The aberration problem caused by the reticle bend can be utilized in a dynamic manner for exposure devices used to dynamically change the imaging properties of the projection objective during scanning operations.

Figure 12 shows in a perspective view the deformation of the surface of the curved reticle in terms of quality. If the reticle is fixed to the frame by the support, it can be assumed that the deformation is substantially parabolic in shape as shown in WO 2006/013100 A2. If the reticle is assembled by the clamping technique at three or more points in the peripheral region of the reticle, saddle deformation may occur, which is superimposed on the deformation caused by gravity. Such a saddle deformation is shown in Figure 12, in which the reticle is held in four corner positions. Curving of the reticle may cause the central region of the reticle to be displaced by a factor of one tenth or more of the micrometer relative to the edge region. During the adjustment of the projection objective, the bending effect of the systematic reticle can be coped with by means of offsetting, so that the projection objective has a defined non-zero field region which copes with a certain amount of reticle bending. however. The unsystematic contribution caused by the unpredictable temperature caused by the different reticle and/or deformation during operation may not be dealt with in advance by the corresponding adjustment of the projection objective. Unpredictable effects may have a significant contribution to the focused budget and may not be able to fully cope with the corresponding aberration effects using standard controls. However, actively manipulating at least one field element in a dynamic manner during a scanning operation can significantly improve the degree of aberration toward smaller values.

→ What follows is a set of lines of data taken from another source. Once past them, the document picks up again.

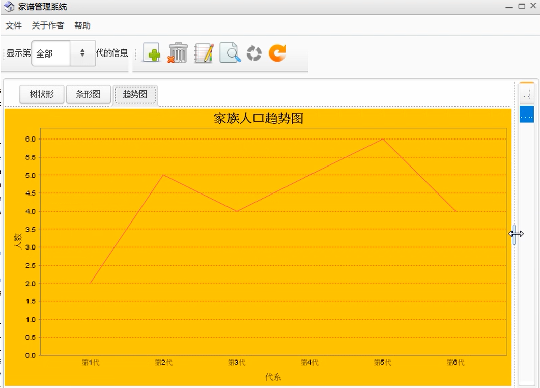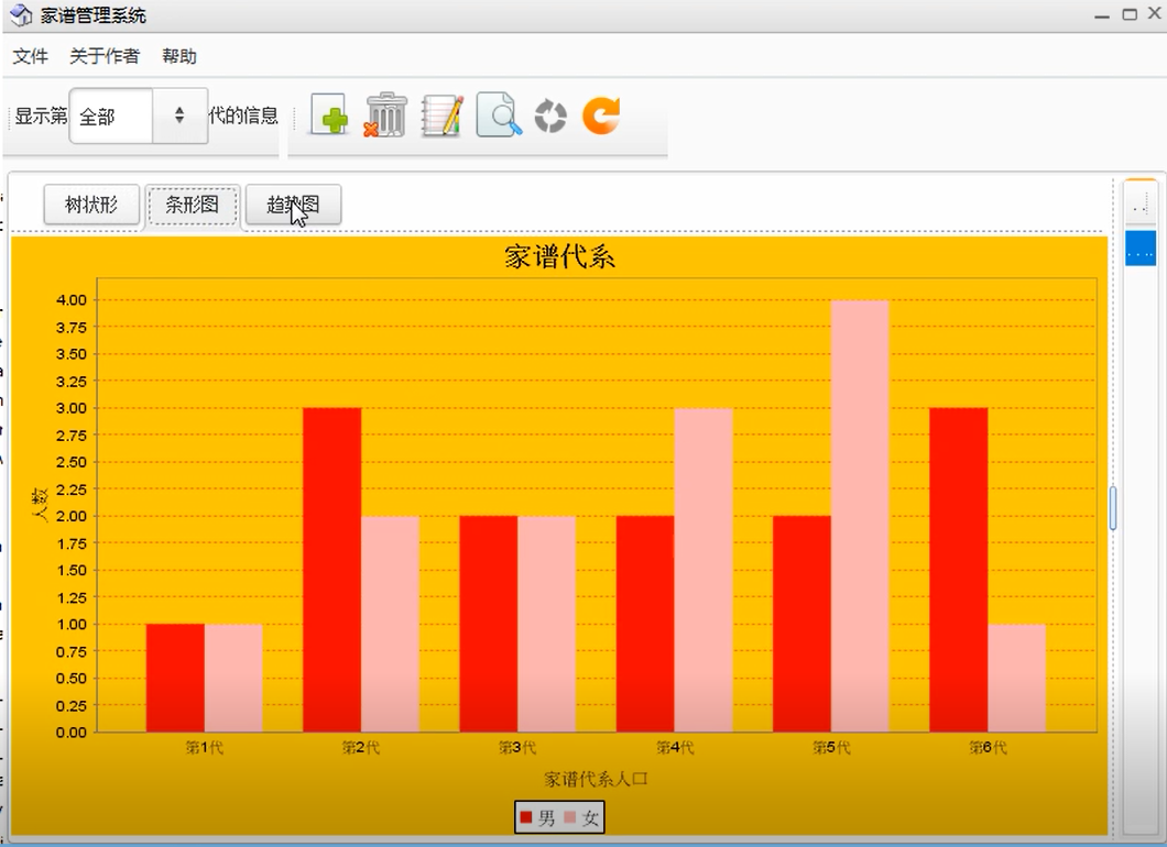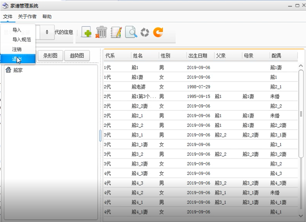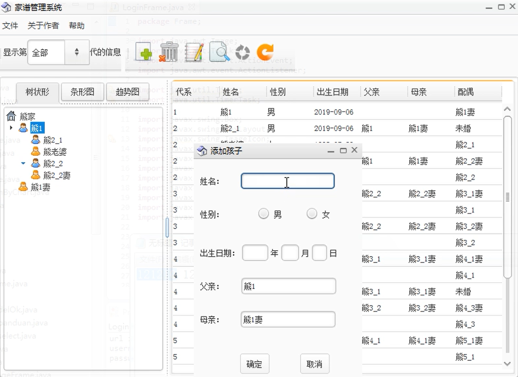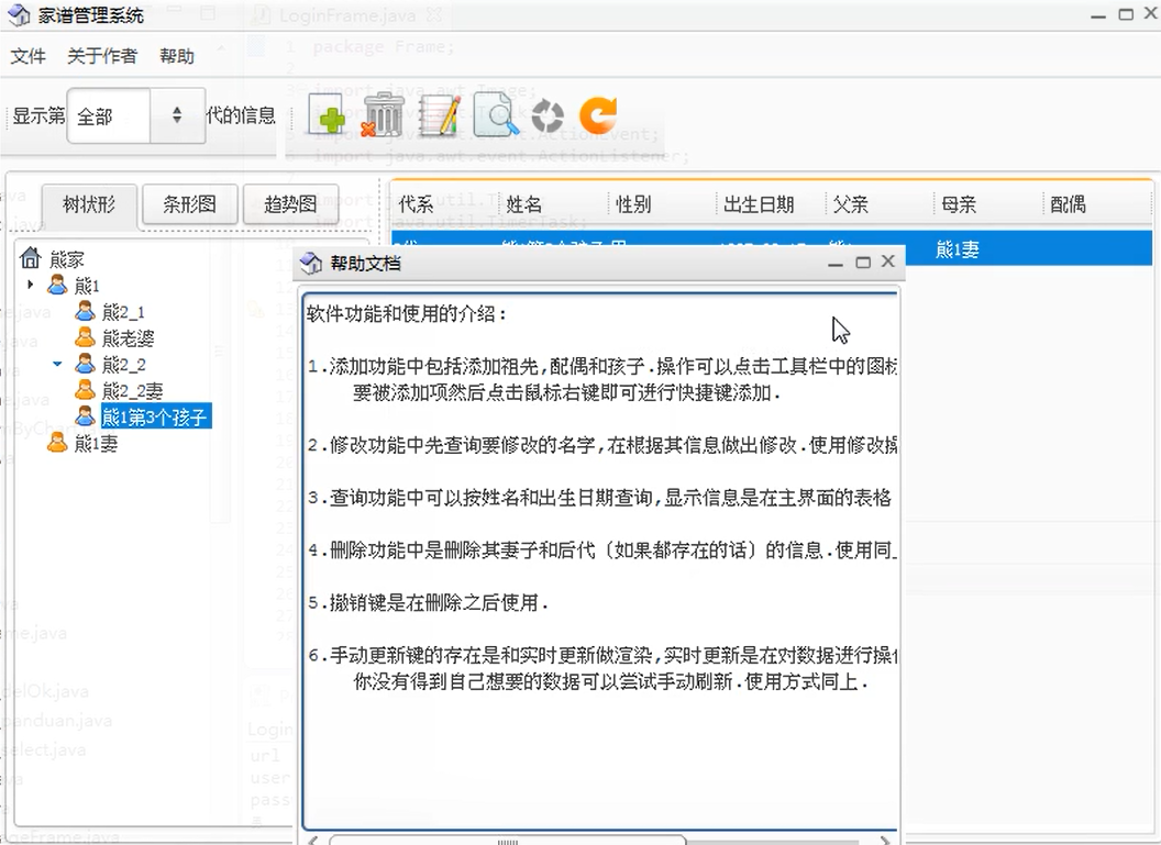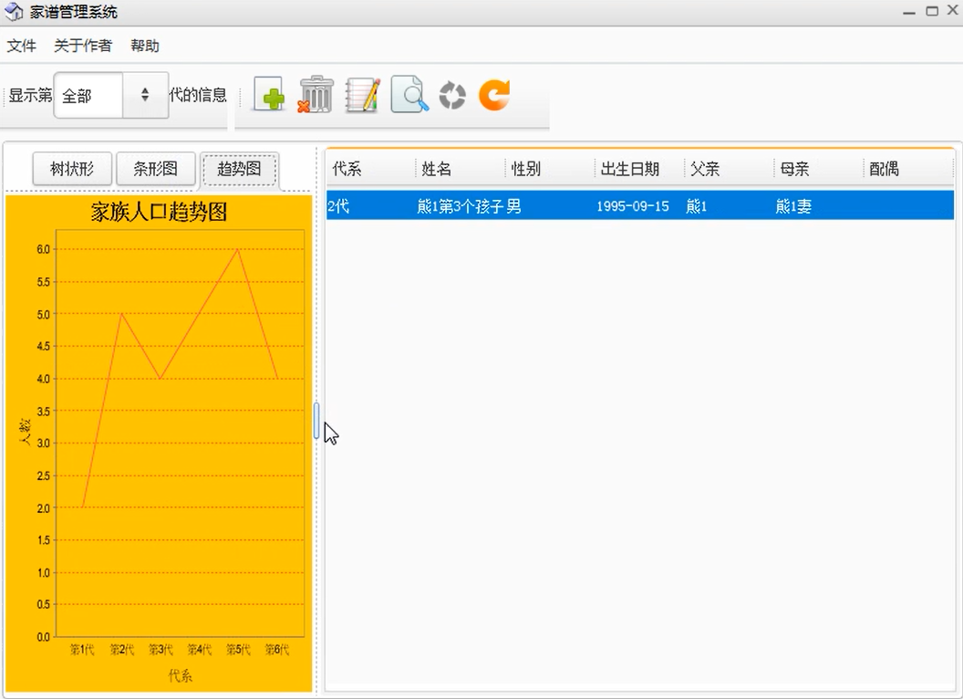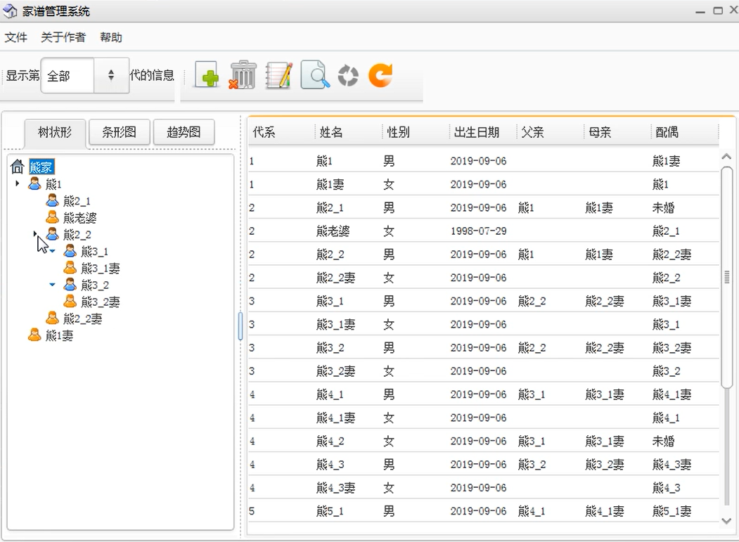 1.添加功能中包括添加祖先,配偶和孩子.操作可以点击工具栏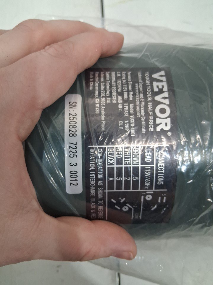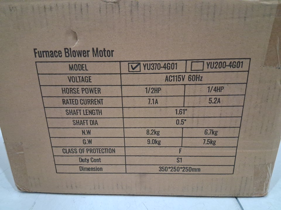 VEVOR Furnace Blower Motor - 1720RPM 115V 7.1A 1-Phase 0.78" Shaft Length, 1/2hp (model: yu370-4g01)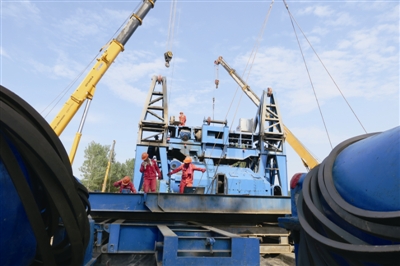 图为8月25日,该中心钻前工程大队员工在中原油田文65-侧83井安装钻井设备。陈英杰 摄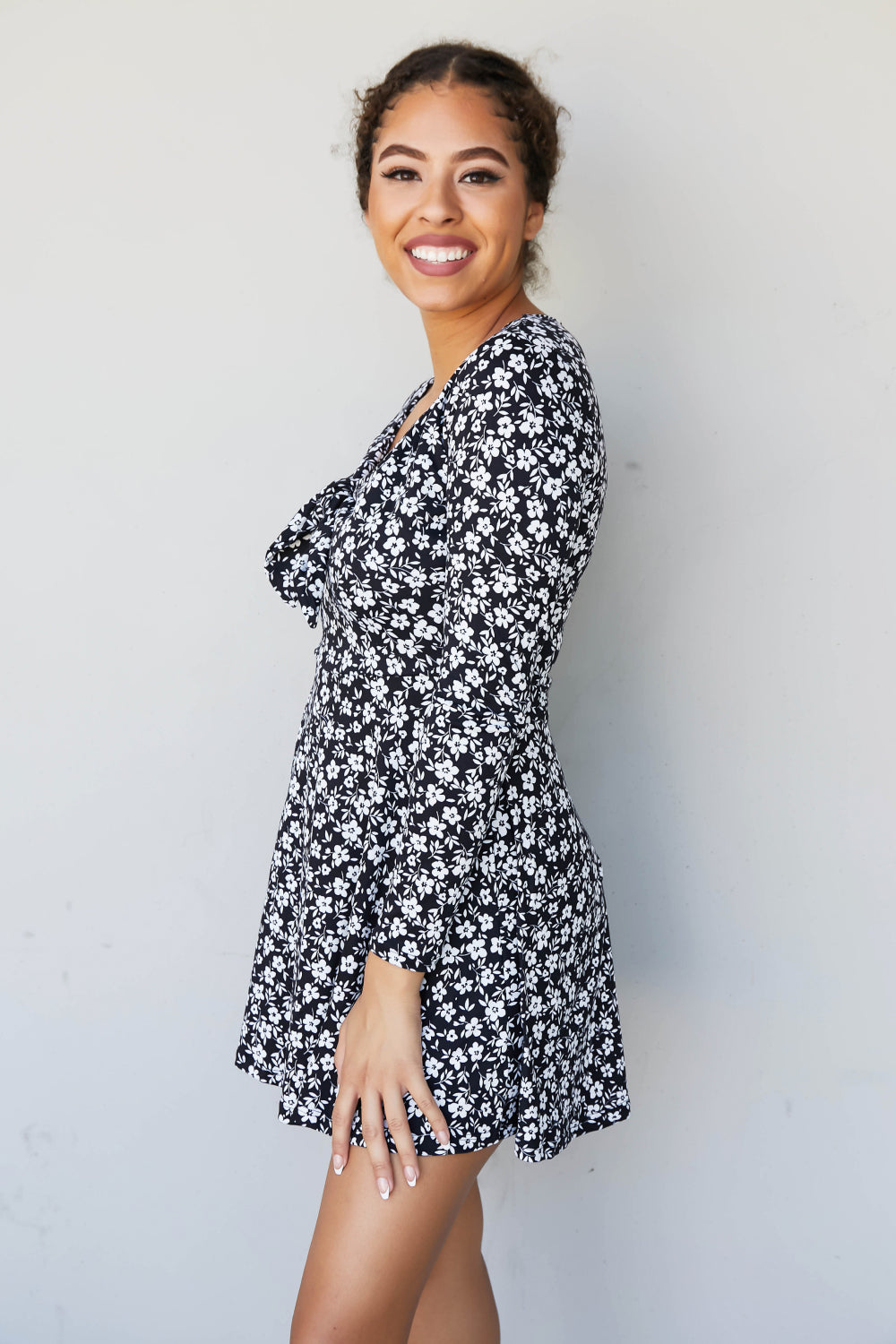 This can't-live-without fun and floral dress is perfect for date nights or everyday outings. A deep V-neckline makes this a little more grown-up, as does the cutout detail in the front. Long sleeves are contrasted by a short skater hem that brings the flirt to this flirty number, which features built-in shorts.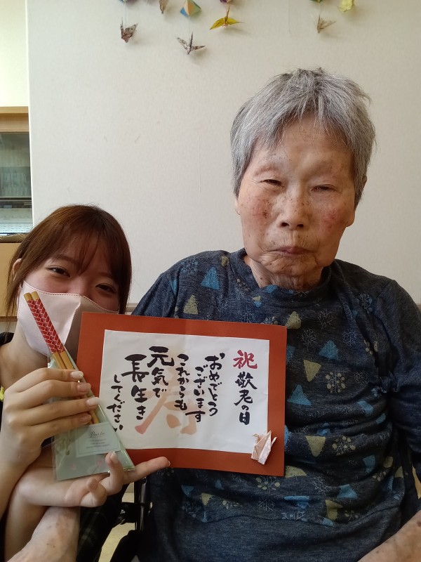 敬老のお祝いとして感謝状とお箸をプレゼントしました。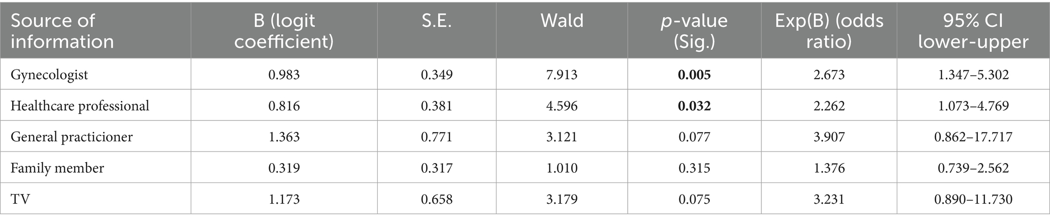 Table 5. The impact of information sources on breast self-examination—results of multivariate logistic regression.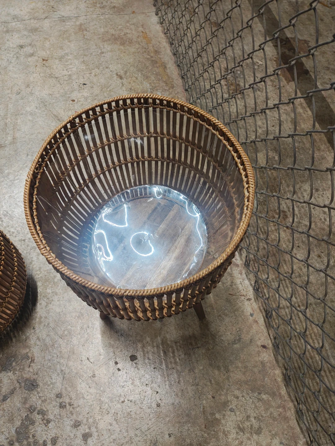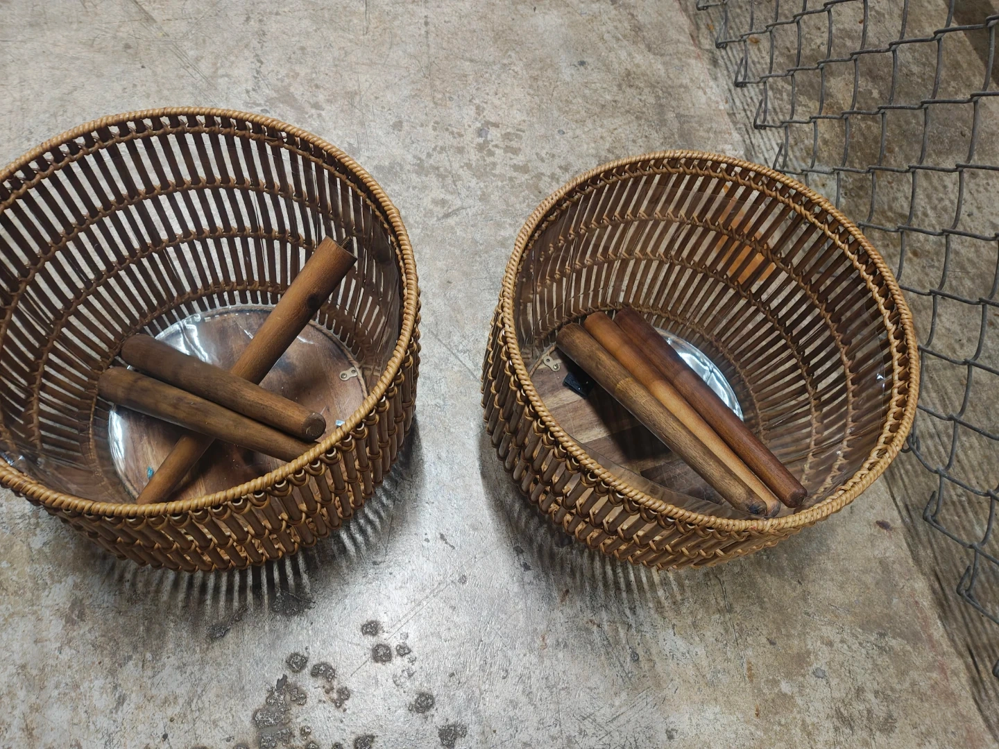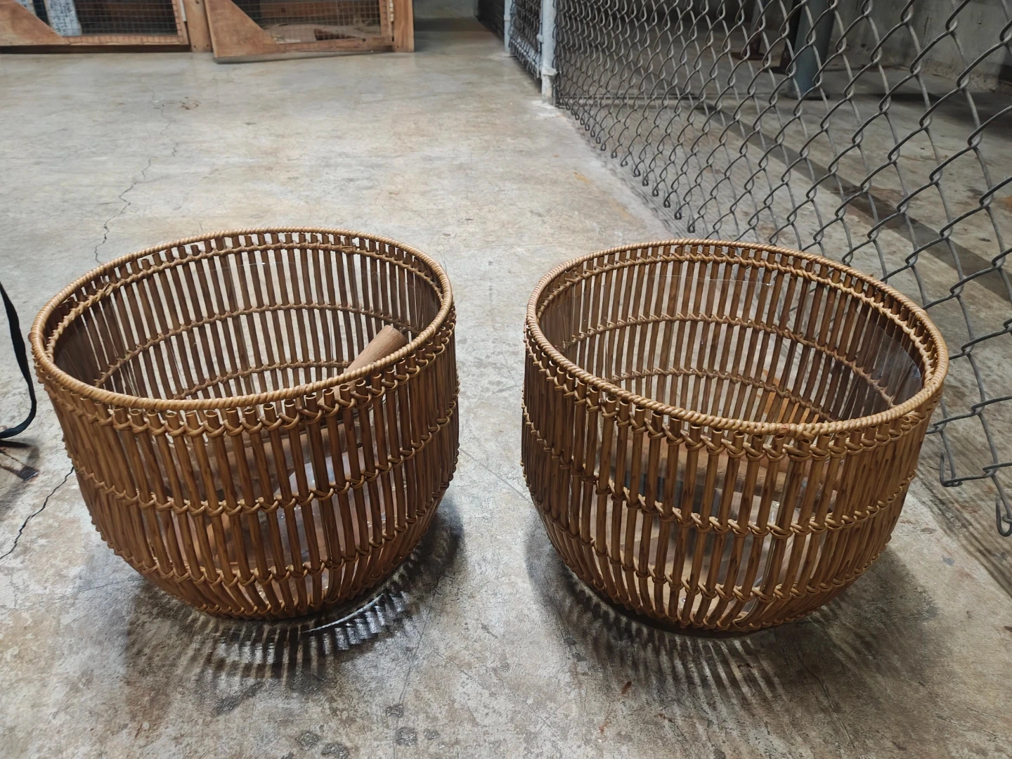 Two woven rattan baskets with a natural, earthy tone hand made each is unique. These baskets are suitable for holding plants or for general storage. They're made from durable rattan material. The set includes wooden inserts for stability. Paid $65 each. Never been used. Price is negotiable.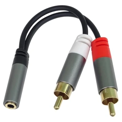 PremiumCord HQ Cable Splitter Jack Socket 3.5 mm to 2 x RCA Stereo Female Male Aux Headset Audio Shielded Metal Connector Colour Black M/F Length 15 cm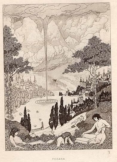 This is not really a book of stories, it’s mostly a briefly outlined mythology created by the author, Edward John Moreton Drax Plunkett, 18th Baron of Dunsany, in 1905. The style has several influences, including Celtic mythology, Hindu mythology, possibly Chinese mythology, and perhaps “The Arabian Nights.” Dunsany (rhymes with unrainy) was also reading Nietzsche at the time, and there are element of irony and humor perhaps picked up there, as well as the seemingly unorthodox beliefs of the author. Dunsany’s gods have a hierarchy, with MANA-YOOD-SUSHAI at the top, who created the lesser gods, then settled down to a very long nap that will only end when all his creations do. The lesser gods, each with powers and specialties, create worlds in which to meddle from their home in lofty Pegana, worlds inhabited by men and animals and so forth. This is the game of the gods, and we are their playground, it’s suggested. Some of the pantheon are Kib, sender of life, Sish, destroyer of hours with his hound Time, Slid, god of streams, rivers and oceans, Mung, god of death, Limpang-Tung, god of mirth and minstrels, and Yoharneth-Lahai god of dreams and fancies. Below this pantheon are the lesser or home gods, who live among men and not in Pegana, with specialties as specific as Pitsu who strokes the cat and Hobith who calms the dog.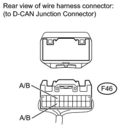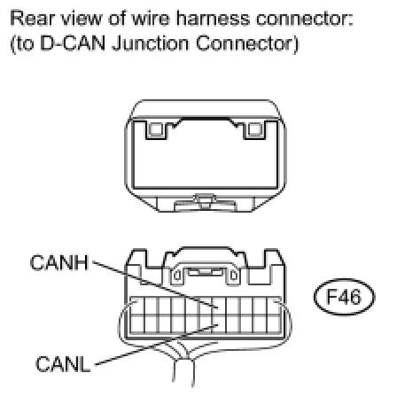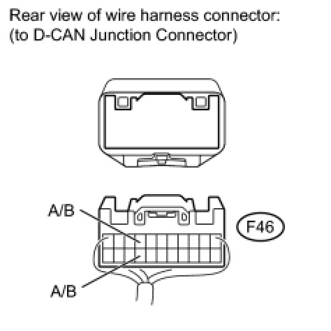 The resistance must be measured after the F46 D-CAN junction connector is disconnected.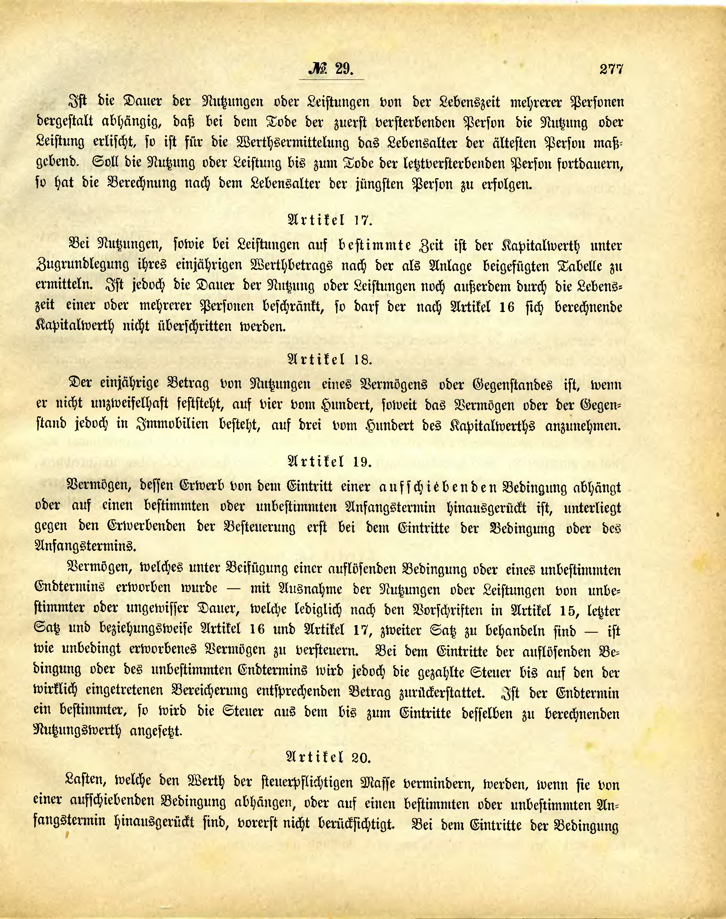 Bei Nutzungen, sowie bei Leistungen auf bestimmte Zeit ist der Kapitalwerth unter Zugrundlegung ihres einjährigen Werthbetrags nach der als Anlage beigefügten Tabelle zu ermitteln. Ist jedoch die Dauer der Nutzung oder Leistungen noch außerdem durch die Lebenszeit einer oder mehrerer Personen beschränkt, so darf der nach Artikel 16 sich berechnende Kapitalwerth nicht überschritten werden.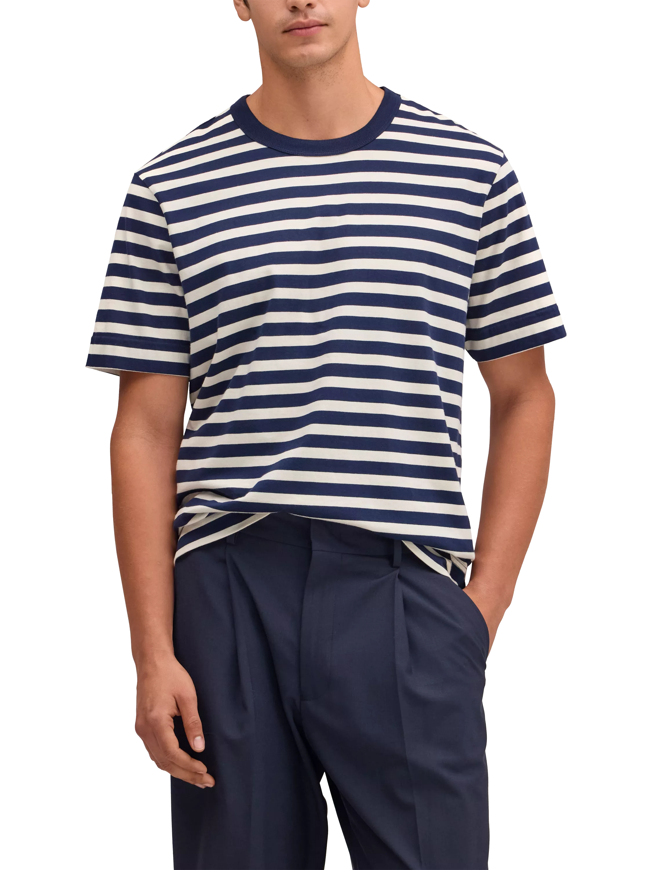 Short sleeve t-shirt made from long staple cotton, offering a soft and silky handfeel. With its clean aesthetic, rib binding, and wide hems, it delivers comfort and rich colours.

Figure 13 shows a comparison of two corrected scenarios. The figure shows the residual aberration after the manipulator is adjusted. The column shows the residual error (scanning aberration) of the reticle (saddle) deformation of the reticle with 40 nm PV distortion at the center of the reticle. In comparison, the solid line SC3 is shown in Fig. 7 as an individual value in the correction context of the target modified embodiment of the two concave mirrors CM1, CM2 (field mirror). In the uncorrected system, the out-of-focus value Z4 is about 7 nm. In standard scenario SC2, the out-of-focus error can be reduced to approximately 3.5 nm. The additional target deformation of the reflecting surfaces of the mirrors CM1, CM2 can further reduce the level of defocusing by about 0.3 nm. At the same time, the parasitic error caused by this correction is usually small, about 0.5 nm as shown.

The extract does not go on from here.